Pattern matching on primitive types mxied with instanceof is a footgun

forax at univ-mlv.fr forax at univ-mlv.fr
Tue Feb 4 22:44:22 UTC 2025


> From: "Kevin Bourrillion" <kevinb9n at gmail.com>
> To: "Maurizio Cimadamore" <maurizio.cimadamore at oracle.com>
> Cc: "Tagir Valeev" <amaembo at gmail.com>, "Brian Goetz" <brian.goetz at oracle.com>,
> "Remi Forax" <forax at univ-mlv.fr>, "amber-spec-experts"
> <amber-spec-experts at openjdk.java.net>
> Sent: Tuesday, February 4, 2025 6:14:53 PM
> Subject: Re: Pattern matching on primitive types mxied with instanceof is a
> footgun

> On Tue, Feb 4, 2025 at 8:55 AM Maurizio Cimadamore < [
> mailto:maurizio.cimadamore at oracle.com | maurizio.cimadamore at oracle.com ] >
> wrote:

>> This seems consistent. So the question is: what is the "mistake" we're talking
>> about here? The user thinking it was a _unconditional_ match where in reality
>> that's not the case?
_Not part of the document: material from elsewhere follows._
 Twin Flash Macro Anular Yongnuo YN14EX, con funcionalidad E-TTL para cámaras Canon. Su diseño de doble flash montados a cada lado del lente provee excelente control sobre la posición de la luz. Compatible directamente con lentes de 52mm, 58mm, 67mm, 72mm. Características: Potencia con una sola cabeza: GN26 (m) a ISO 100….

While in the case of instanceof unconditionality is harder
>> to spot, if this was a switch, the compiler would have immediately asked the
>> user to provide a default?

>> It seems to me that the reasoning here implies that developers will use "if" +
>> "instanceof" _without an "else" just for the purpose of extract some data, and
>> then complain when the thing doesn't match (because they have no "else", and so
>> their code will fail). It seems like our best weapon in this case is education,
>> rather that introducing arbitrary restrictions and asymmetries in the language?
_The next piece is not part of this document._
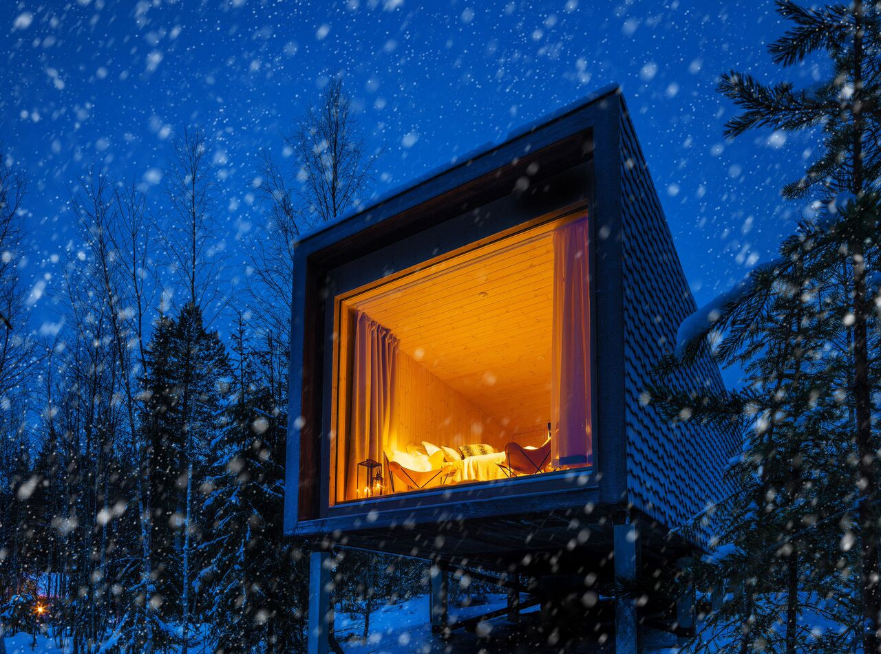 The Arctic TreeHouse Hotel is situated in the forest within the Santa Park at Rovaniemi. With spectacular views over the treetops, the TreeHouse suites offer an exclusive combination of local tradition, Lappish heritage and modern Scandinavian design. The atmospheric lounge area invites you to celebrate Christmas relaxing with your friends and loved ones while the panoramic restaurant offers delicious continental and local cuisine in unique surroundings.

>> (Or, perhaps, in the future have a way to perform an _unconditional_ extraction
>> without an "if", in which case the compiler will bark if the pattern is not
>> unconditional.)

> In some cases this will be relevant, but in this particular example we're
> looping over Spaceship and then checking for AlienSpaceship, so, no help.
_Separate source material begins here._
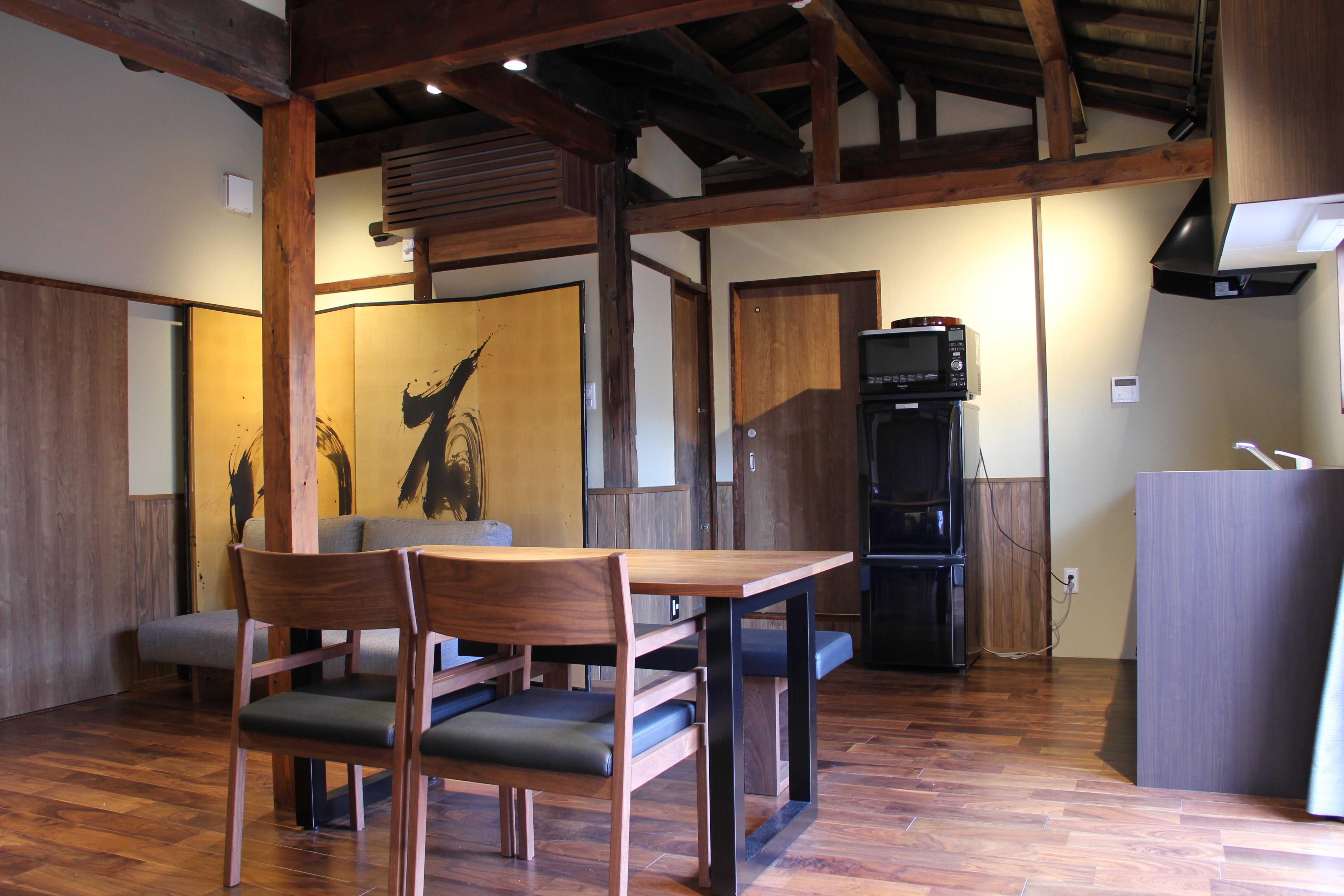 応挙・梅岩・了以の3棟からなり、当時の趣と美しさはしっかりと残しながら、現代の快適な生活ができるよう、水回りなど全面的に整えています。亀岡の伝統や歴史、現代の暮らしぶりを感じながら、思い思いのスタイルで過ごせます。

> I think it is fair to acknowledge that this is a weakness of the feature design.
> How to mitigate it? We can try to evangelize always preferring `var` for nested
> type patterns that are expected to be unconditional. That's an unfortunate
> readability trade-off, though. And a static analyzer can't know whether you
> expected it to be unconditional or not, so there might not be much it can do to
> help.

> I am not even sure what language change could be considered here. Note that this
> problem is not specific to primitive types, it's just that primitive types are
> currently the only ones that support "value conversion" so we're encountering
> this issue with them first. Post-Valhalla, other types might support value
> conversion too.

For me it's more about the conversion being implicit vs explicit. 
Here, we have an implicit conversion while the conversion does not always succeed. 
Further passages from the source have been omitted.